# TASK REQUIREMENTS
Quote the listing below in full and exactly as written, but omit every picture.

# DATASET EXTRACT
- Opening Delimiter -
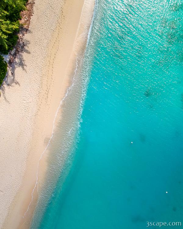 Top down view of the beach and waters around Cemetery Beach near Seven Mile Beach.
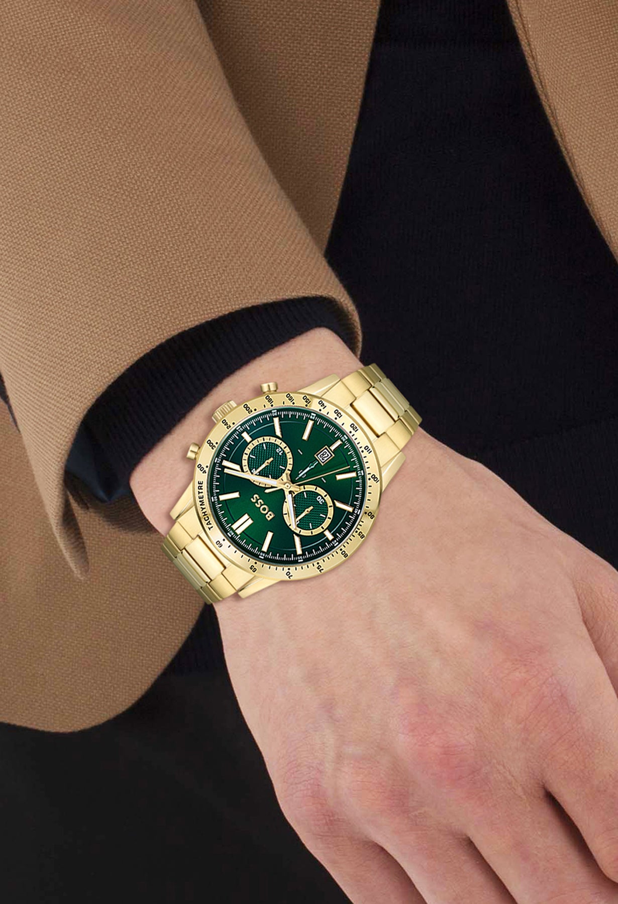 BOSS Mens Allure Green Chronograph Dial Bracelet Watch by BOSS elevates your style with precise timing for the modern man who values luxurious details.
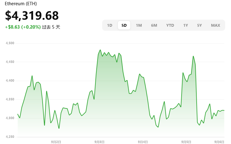 当前价位:约 $4,319.68,日内略涨,波动区间为 $4,261.78 – $4,474.72 。
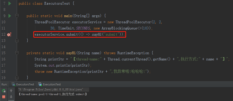 现在是用 submit 的方式往线程池里面提交任务,而执行的这个任务会抛出运行时异常。
- Closing Delimiter -
# TASK OUTPUT
 Top down view of the beach and waters around Cemetery Beach near Seven Mile Beach.
 BOSS Mens Allure Green Chronograph Dial Bracelet Watch by BOSS elevates your style with precise timing for the modern man who values luxurious details.
 当前价位:约 $4,319.68,日内略涨,波动区间为 $4,261.78 – $4,474.72 。
 现在是用 submit 的方式往线程池里面提交任务,而执行的这个任务会抛出运行时异常。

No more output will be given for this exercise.